Beim Joggen gesichtet: Akropolis bei Sonnenuntergang

Ich muss mich outen, auch wenn die Liebhaber Süditaliens nun gekränkt sein mögen: Neapel ging mir auf die Nerven.


Neapel nervt


Schon in Rom hatten wir es bekanntlich mit Pracht und Krach zu tun. In Neapel blieb davon dann nur noch der Krach übrig. Der Krach ist omnipräsent in Form von Sirenen von Polizei und Krankenwagen, die endlos durch die Straßen schallen, in hupenden Autos, röhrenden Motorrädern, scheppernden Bussen, im Fräsen und Bohren unzähliger Baustellen, lauter Musik aus Bars und Restaurants, in bellenden Hunden, schreienden Kindern, lauten Unterhaltungen und in noch lauteren Handytelefonaten, die die allgemeine Kakophonie noch übertönen wollen.

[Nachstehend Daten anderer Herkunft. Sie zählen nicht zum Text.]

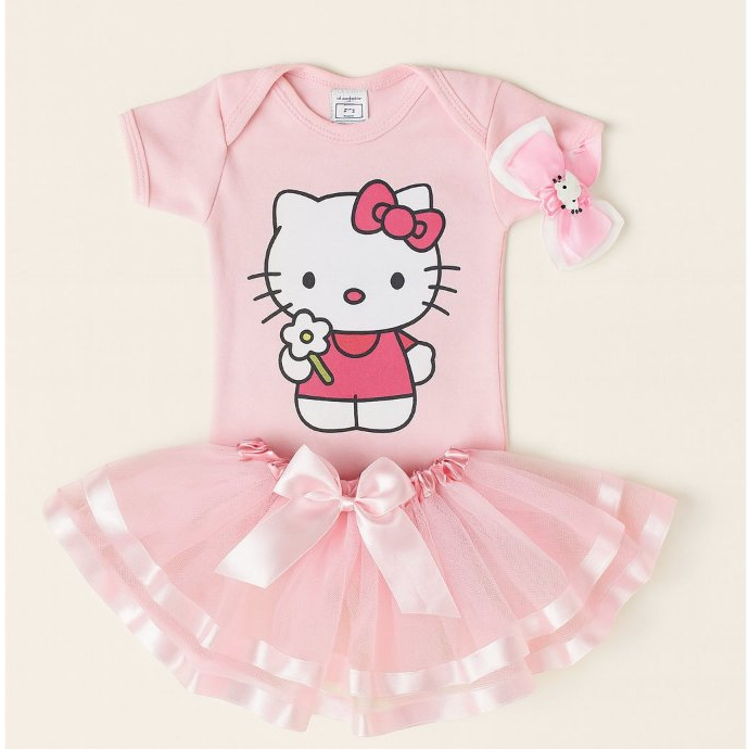 Kit Mesversário Hello Kitty Body Bebê com Tule de Luxo e Laço Fantasia

Die Pracht mag sich verbergen in den Palazzi, Museen und Kapellen der Stadt, wir jedoch zogen durch Straßen und Ämter und das war ernüchternd.


Man bewegt sich zwischen Bergen von Abfällen durch enge, dunkle Straßenschluchten und muss immer auf der Hut sein, denn um jede Ecke kann ein Auto oder Motorrad biegen, aus dem Tor kann es hervorschießen und einen erfassen. Der oder die Fahrerin ist grundsätzlich gerade dabei am Handy zu telefonieren und kann daher nicht mit der ganzen Aufmerksamkeit auf ihre Umgebung achten. Durch Neapel spazieren zu gehen erinnert an einen immersiven Ego Shooter, bei dem man gänzlich unbewaffnet durch ein chaotisches Straßennetz navigieren muss, in dem es alle anderen Verkehrsteilnehmer auf einen abgesehen haben. Die Jünger der neuen Achtsamkeitskultur dürfen nun aufhorchen, denn in Neapel lebt man ganz im Moment, ist ganz bei sich und seiner unmittelbaren Umgebung. Wer dies nicht beherzigt, lebt einfach nicht lang.

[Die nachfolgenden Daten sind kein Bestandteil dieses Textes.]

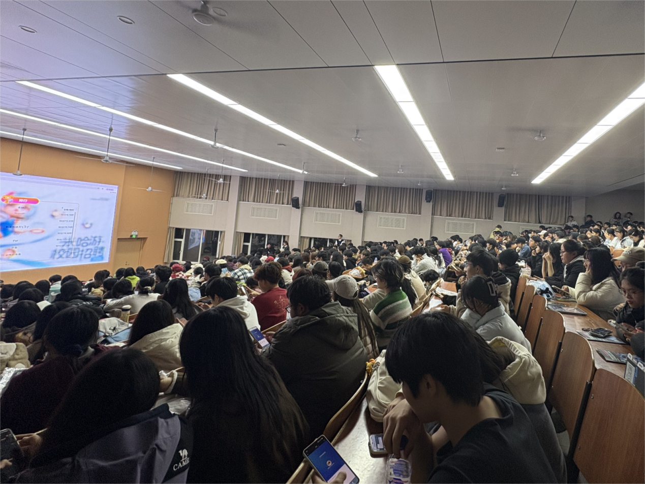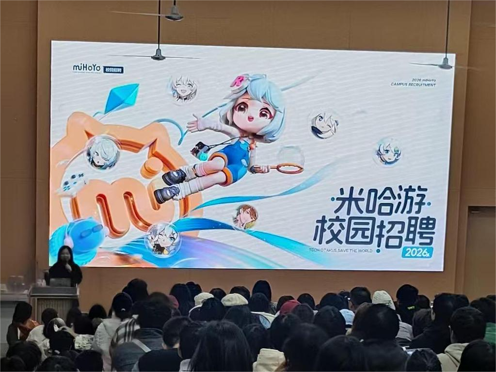 2025年10月17日18:00,米哈游科技(上海)有限公司(以下简称“米哈游”)在游戏学院A430教室举行校园招聘宣讲,现场座无虚席,气氛热烈,吸引了数百名怀揣游戏梦想与技术热情的应届毕业生到场参与。

Was wir in Neapel nicht gesehen haben: Blinde, Gehbehinderte und die Müllabfuhr. Erstere vermutlich ein Opfer natürlicher Auslese, letztere hätten wir gerne gesehen, aber in einer Woche Neapel waren sie kein einziges Mal aktiv. Immerhin stinkt der Müll Ende Dezember/Anfang Januar sicher weniger als im Hochsommer. Dank der italienischen Tierliebe war die Tretminendichte allerdings so hoch, dass sich aus Müll und Exkrement schon eine bräunlich-körnige Schicht auf den Pflastersteinen gebildet hatte, die bei Regen in zähen Flüssen langsam in die Hauseingänge sickerte.


Bedingt durch unsere Bemühungen um den Booster hatten wir dann leider auch meist unangenehme Begegnungen mit den Einheimischen. Wenn wir nicht gerade direkt abgewiesen wurden, dann versorgte man uns mit Informationen, die stets beinhalteten, dass wir gerade hier an der falschen Stelle wären und uns an eine andere wenden müssten. Diese Auskunft stellte sich im Nachhinein dann ohne Ausnahme als falsch heraus. Am Telefon wurde nach der Frage, ob man Englisch sprechen könnte, oftmals direkt aufgelegt. Die einzige Person, die Mitleid mit uns hatte und uns gerne helfen wollte war selbst eine in Neapel ansässige Ausländerin. So entstand bei uns das Gefühl, man wolle uns im Prinzip einfach gerne loswerden. Wäre unser Ziel gewesen, in Neapel schön Pizza zu essen und ein paar Kulturschätze zu besichtigen, dann würde das Fazit hier sehr anders lauten.


So jedoch entsprachen wir dem Wunsch der Neapolitaner am Ende dann recht gerne und machten uns schnellstmöglich davon. Weniger als 48 Stunden nach dem Impfdebakel bei den äußerst unbarmherzigen Mitarbeitern der Santissima Annunziata setzte unsere Maschine am Flughafen von Athen auf.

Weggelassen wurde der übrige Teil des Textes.